Plasmid pJHcbl-1 was purified from E. coli and transformed by electroporation into L. helveticus CNRZ 32. Screening for transformants was performed by incubation at 37°C on MRS agar that contained 1 µg per ml of erythromycin and 5 mM CaCl₂. The presence of pJHcbl-1 in Em^r L. helveticus CFU was established by agarose gel electrophoresis of cell lysates and by coamplification of 1.3-kb (wild-type) and 1.1-kb (internal deletion) cbl gene fragments after PCR with primers cbl-1 and cbl-2. Next, L. helveticus transformants were incubated in MRS broth that contained 1 µg erythromycin per ml at 43°C, a nonpermissive temperature for pSA3 replication (9). Derivatives in which plasmid pJHcbl-1 had, through a single homologous recombination event, integrated into the chromosome were identified and characterized by the method described by Christensen and Steele (7). Integrant clones were then propagated in MRS broth without antibiotic at a permissive temperature for pSA3 replication (37°C) to facilitate the excision and curing of pSA3 via a second homologous recombination event. Plasmid excision results in replacement of the native cbl gene with the deletion construct or reversion to the wild type. Erythromycin-sensitive colonies were collected and screened by PCR for cells carrying only the deleted cbl gene and not the wild-type cbl gene or the pSA3 vector. Two independent cbl-null mutants were identified, and one (designated CNRZ 32cbl) was selected for additional work.

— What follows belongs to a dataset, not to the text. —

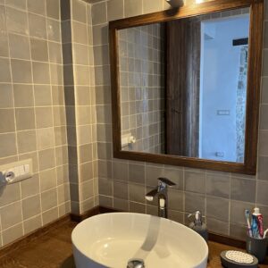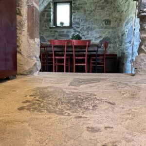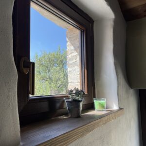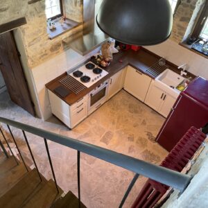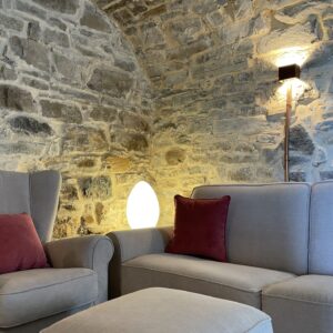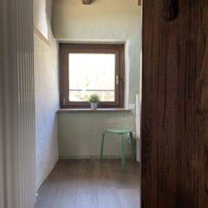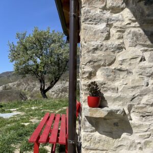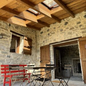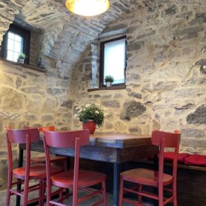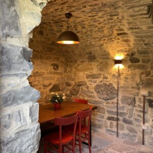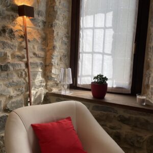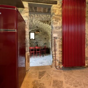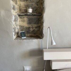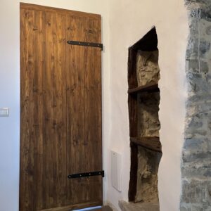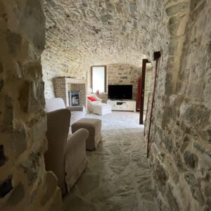 Il rispetto della pietra nelle murature a vista e dei pavimenti del piano terra, il recupero del vecchio camino con inserimento di stufa a pellet, la ricostruzione delle coperture a falde in legno a vista con il riuso delle vecchie travi e dei vecchi coppi, il mantenimento delle imperfezioni originarie, dai fuori piombo di tutte le pareti alle bucature originarie tutte differenti.

Finally, a complementation mutant of L. helveticus CNRZ 32cbl was constructed by electroporation of this strain with pLHcbl. Transformants were selected by incubation on MRS agar that contained 5 mM CaCl₂ and 5 µg CHL per ml, and isolates were screened by PCR for the presence of a chromosomal copy of the cbl deletion construct (using primers from the chromosome flanking the cbl gene) and for a copy of the wild-type gene in the expression vector (using a primer that flanked the pTRK687 cloning site and cbl-3).

Cell preparation.
Cells were grown in sterile 45-ml centrifuge tubes to early stationary phase and were harvested by centrifugation (4,500 x g for 15 min at 4°C). Cell pellets were washed at least two times with sterile 0.05 M potassium phosphate buffer (pH 6.0) and then suspended to an optical density at 600 nm of 2.0 in the same buffer. This cell suspension was used as a source of cells for gas chromatography-mass spectrometry (GC-MS) and high-pressure liquid chromatography (HPLC) work.

VSC determination.
The formation of VSCs was determined using GC (model 6890N; Agilent Technologies, Inc., Wilmington, DE) with a quadrupole mass analyzer (GC-MS; model 5973, Agilent Technologies, Inc., Wilmington, DE). Cell suspensions were mixed with 100 mM D/L-methionine, D/L-cystathionine, or L-cysteine (Sigma Chemical Co., St. Louis, MO). To this mixture were added 100 µM PLP, 1 mM furfuryl alcohol (internal standard), and 0.05 M potassium phosphate buffer (pH 6.0) in 8-ml vials with Teflon-lined septum caps, and then the mixtures were incubated at 37°C for each designated time period (48, 72, or 96 h). Negative controls were included by using cell suspensions without any substrate and by using substrate only in buffer (no cells).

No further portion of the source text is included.